---------- SUPPLIED DATA ----------
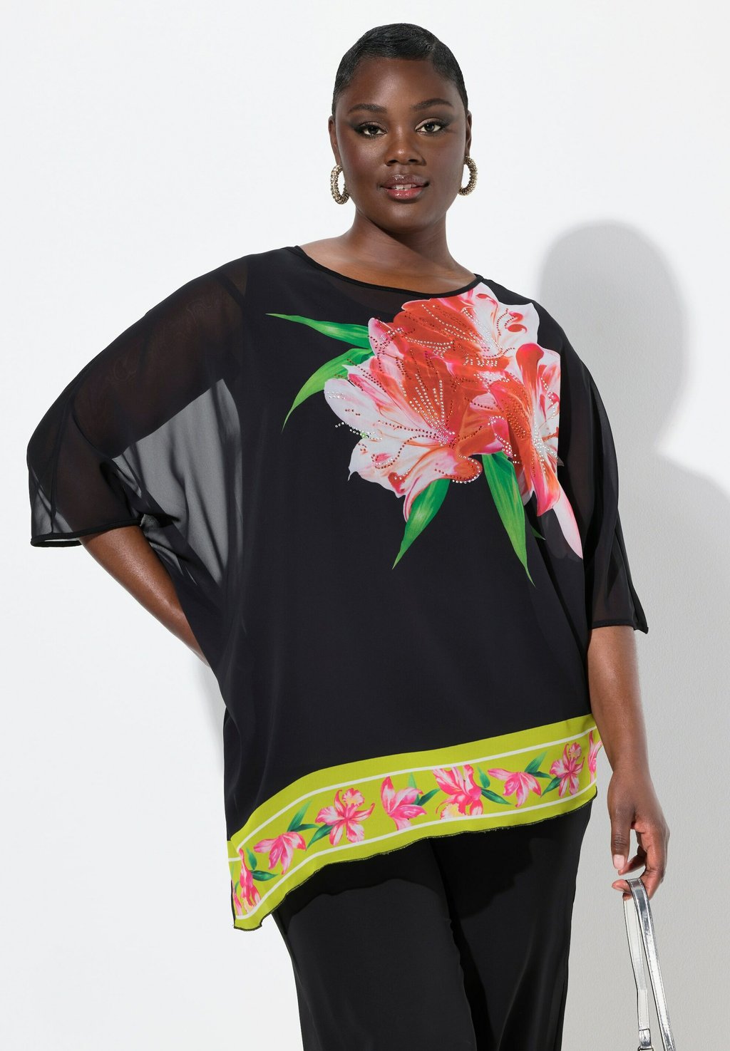Блуза FLOWER MOTIF LAYERED Ulla Popken, черный
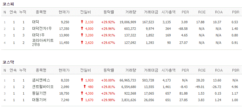 코스피에서는 대덕, 대덕전자1우, 대덕1우, 코리아써키트2우B가 상한가를 기록했고, 코스닥에서는 센트럴바이오, 동일기연, 대동기어가 상한가를 기록했습니다.
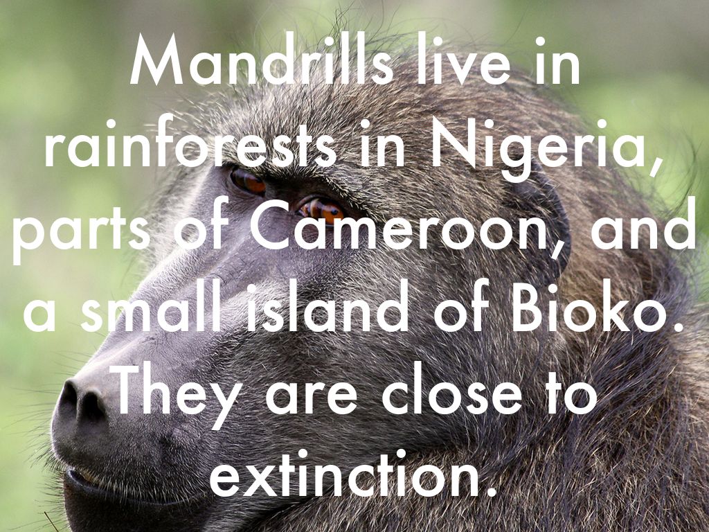 Mandrills live in rainforests in Nigeria, parts of Cameroon, and a small island of Bioko. They are close to extinction.
----------
WHAT TO WORK ON:
If the listing above includes images, copy every line of it exactly except those images.

ANSWER TO THIS EXERCISE:
Блуза FLOWER MOTIF LAYERED Ulla Popken, черный
 코스피에서는 대덕, 대덕전자1우, 대덕1우, 코리아써키트2우B가 상한가를 기록했고, 코스닥에서는 센트럴바이오, 동일기연, 대동기어가 상한가를 기록했습니다.
 Mandrills live in rainforests in Nigeria, parts of Cameroon, and a small island of Bioko. They are close to extinction.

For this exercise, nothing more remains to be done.